“Poor Elijah’s Almanack” is written by Peter Berger of Mount Holly, who taught English and history for 30 years.
A soothsayer warned Julius Caesar to beware the Ides of March, the date of the new moon. Shortly after noon on the Ides, Caesar met him again. To demonstrate that his dire prediction hadn’t come true, Caesar chided him that “the Ides of March are come.”
“Aye, Caesar, but not gone,” the soothsayer replied.
Sixty senators murdered Caesar that afternoon.
It’s been five months since Jan. 6. We call it the insurrection, but had it happened anywhere else in the world, we’d say that a sitting president had lost an election and tried to hold onto power by staging a coup against the lawful, newly elected president.
Our 2020 election was certified as free and fair by judges and government officials from both political parties, including men and women the loser had appointed. The results were recounted, audited, challenged in court, and upheld every time.

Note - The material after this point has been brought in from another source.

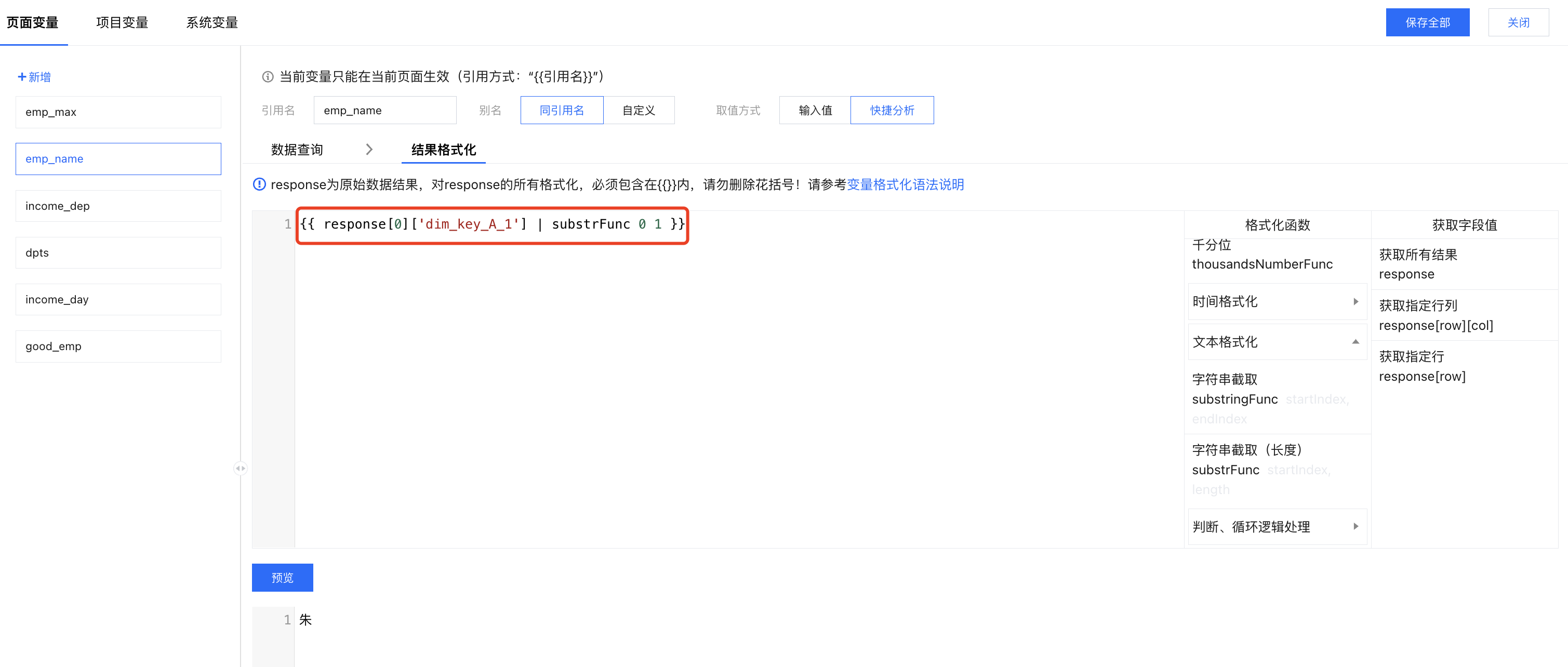 结果格式化:打开结果格式化面板,先通过 "response[0]['dim_key_A_1']"获得员工名称,在该值后面插入 格式化函数 “substrFunc”, 获取从第一个字母开始,取1个字(即姓);

In a democratic republic, overturning the result of a lawful election amounts to overthrowing the government. Had it happened anywhere else — but it didn’t. Now for assorted reasons, most of us are ready to treat Jan. 6 as a 24-hour day, a 24-hour insurrection, and a 24-hour attempted coup.
Progressive Democrats are pressing for their priorities, from immigration reform and a $15 minimum wage to climate change and Mideast policy, none of which are frivolous concerns, but all of which require a stable American government.

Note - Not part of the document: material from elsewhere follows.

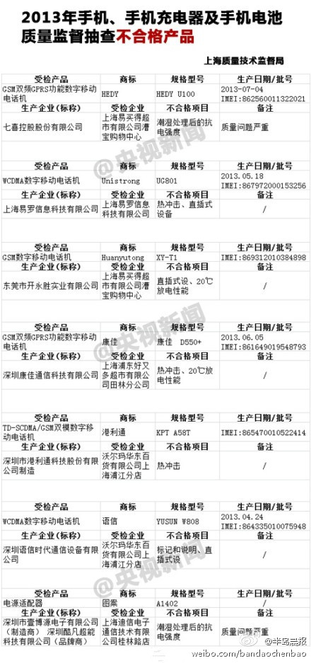 【[話筒]小心!這些手機(jī)、充電器不合格】手機(jī)充電發(fā)生爆炸、充電時(shí)接電話觸電,這樣的報(bào)道屢見(jiàn)不鮮,專(zhuān)家稱(chēng)很可能與電池或充電器有關(guān)。近日,上海質(zhì)量技術(shù)監(jiān)督局抽查了一批手機(jī)、充電器,發(fā)現(xiàn)有7批次產(chǎn)品不符合標(biāo)準(zhǔn)規(guī)定,有的在“潮濕處理后的抗電強(qiáng)度”不合格。via央視新聞~快來(lái)看看有你正在

Moderate Democrats are clinging to the hope that common values and accommodations like the filibuster will engage moderate Republicans in a sanity-restoring partnership. Except common values rarely cross the aisle, and sanity is scarce.
As for the filibuster, limits on debate, especially in the Senate, date back to the first Congress in 1789. Issues ranging from the Treaty of Versailles to civil rights have met with opponents’ attempts to talk legislation to death.
Alexander Hamilton warned that enabling a minority to hijack and control debate, which is what a filibuster does, subjects “the sense of the greater number to that of the lesser.” The frequent result — in addition to “intrigue,” “delays,” and “contemptible compromises of the public good” — is to “destroy the energy of the government” and induce a “state of inaction” that’s especially dangerous in times of national emergency when the government’s “goodness” and “strength” are of the “greatest importance.”
This is such a time.
Across the aisle, conventional Republicans want Jan. 6 to just go away. They don’t want voters’ memories of what their eyes saw, what Trump did, and how Republicans were complicit in his “stop the steal” lie to extend to the next election. Many are afraid of Trump or believe they need him to win control of Congress, a consideration dear to aspiring Speaker Kevin McCarthy’s ambitious heart.
Former Vice President Pence concedes that he and Trump may never “see eye-to-eye” about Jan. 6, presumably including the part where Trump fueled the insurrectionists’ desire to hang Pence. But Pence is “proud” of their administration, and he won’t let Democrats use “one tragic day” to “divide the country” and “discredit the aspirations of millions of Americans.”
After all, it was just one day.
Except it’s Trump’s refusal to accept that he lost that divides the country. And Trump’s aspiration for power still besets us.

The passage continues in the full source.